Dennis Meadows warned 32 years ago that the world would run short of resources within a century, putting the planet at risk of expanding hunger as well as economic and social disaster.

Today, that danger is more imminent, says Mr. Meadows, one of the authors of "The Limits to Growth," a book published in 1972 and now just updated.

Within 30 years, world living standards could start falling, Meadows predicts. "We are living on borrowed time." The rising expense of protecting the rising population from starvation, pollution, soil erosion, and shortages of nonrenewable resources will cut into the capital available for boosting industrial output, Meadows says.

His book, coauthored with Donella Meadows, his late wife, and Jorgen Randers, was a publishing sensation, selling 30 million copies in 30 languages. But the book was widely scorned, especially after the food and oil shortages of the mid-1970s turned into surpluses.

The critics, though, were often ignoring the 100-year timetable the authors used.

"The Club of Rome [which commissioned the book] got the whole picture right," maintains Matthew Simmons, a prominent Texas oil consultant.

In their update, the authors note, humanity has "squandered the opportunity" to correct its current course over the last 30 years.

The entire world, rich and poor, faces political and economic turmoil likely to arise from a grim situation.

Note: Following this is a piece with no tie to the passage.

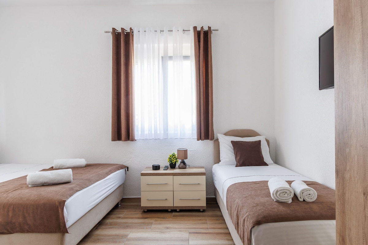 Apartman BFF je luksuzan, prostran i sunčan stan od 53 m², idealan za do 4 gosta. Pažljivo uređen za maksimalan komfor. Smješten u centru grada, sa restoranima, supermarketima i javnim prevozom na nekoliko koraka, dok je plaža udaljena 10 min. hoda. Nalazi se na 4. spratu zgrade sa liftom. Sastoji se od udobne spavaće sobe, elegantnog dnevnog boravka, potpuno opremljene kuhinje i modernog kupatila. Gostima su na raspolaganju brz Wi-Fi, kablovska TV, 2 klima-uređaja i parking ispred zgrade.

Signs of global trouble are brewing:

• The gap between rich and poor nations is 10 times what it was 30 years ago. During the 1990-2001 period, 54 countries already experienced declines in per capita gross domestic product. This gap could help keep terrorism going, warns Meadows.

• Demand from prospering China has caused shortages of oil and metals. If 9 billion people on earth were to consume materials at the American rate, world steel production would need to rise fivefold, copper eightfold, and aluminum ninefold. It's not possible or necessary, the authors hold.

• World food production per capita peaked about 1990. Total food production will stop growing about 2020, predicts Meadows. A global assessment of soil loss, based on studies of hundreds of experts, has found that 38 percent, or nearly 1.4 billion acres, of currently used agricultural land has been degraded. Key aquifers in the US, China, and India are drying up. This will hit farm output.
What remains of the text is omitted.